The Altair Community is migrating to a new platform to provide a better experience for you. In preparation for the migration, the Altair Community is on read-only mode from October 28 - November 6, 2024. Technical support via cases will continue to work as is. For any urgent requests from Students/Faculty members, please submit the form linked here
"Substantial bug in scoring"
stereotaxon
Member Posts: 10 Contributor II
Hello,
I've come across a pretty big bug. I build a model and then I read in a new dataset and try to score it.

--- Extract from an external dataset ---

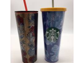 Starbucks Cup: 24 oz Limited Edition Blue Floral Acrylic Cold Cup with Straw
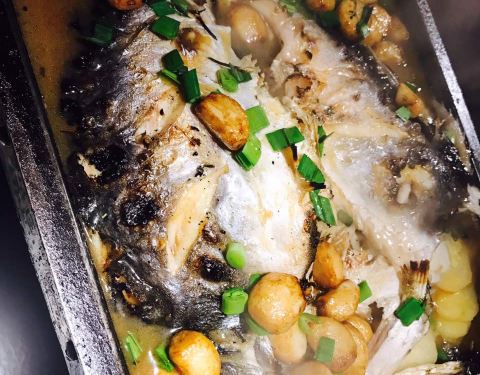 ...,看见探鱼店不用排队就进去了,不过这次烤鱼感觉不太好,好像有点烤糊了味道有点苦,下次不选这家了

The numeric attribute information stays the same, but the names I use as labels are written incorrectly. Is there
a fix or workaround for this problem? I'm using WinXP and RapidMiner Community 4.2.0000.
Thanks, Mike
======= debug1.csv (TRAIN) =========
name,var1,var2,var3
Jimi,0.352612363,0.590121045,0.564992742
Janis,0.922569485,0.790112692,0.00504262
Bob,0.766240589,0.908079931,0.734902274
Peter,0.460154945,0.464329674,0.686559339
Paul,0.393046641,0.393054941,0.910596227
Mary,0.322384817,0.403900951,0.176867868
Joni,0.466668921,0.366803665,0.230654245
======= debug2.csv (SCORE) =========
* SAME NAME AS IN TRAINING DATASET
name,var1,var2,var3
Buddy,,0.576962167,0.318579208
Ringo,,0.571770059,0.977731173
Peter,,0.464329674,0.686559339 *
Paul,,0.393054941,0.910596227 *
Mary,,0.403900951,0.176867868 *
Joni,,0.366803665,0.230654245 *
John,,0.565080214,0.509177042
Jimi,,0.590121045,0.564992742 *
Jim,,0.864104026,0.839055131
Janis,,0.790112692,0.00504262 *
Bob,,0.908079931,0.734902274 *
======= SCORING OUTPUT =============
ROW NAME VAR1 PREDICTION(VAR1) VAR2 VAR3
1 Buddy NaN 0.506006992847086 0.577 0.319
2 Ringo NaN 0.5026999432485151 0.572 0.978
3 Paul NaN 0.4312676719193833 0.464 0.687
4 Mary NaN 0.38430756761967644 0.393 0.911
5 Joni NaN 0.39158307673653237 0.404 0.177
6 John NaN 0.3671109097071076 0.367 0.231<< *** ATTRIBUTES ARE OK
7 John NaN 0.4980700738105158 0.565 0.509<< *** BUT THE NAMES ARE WRONG!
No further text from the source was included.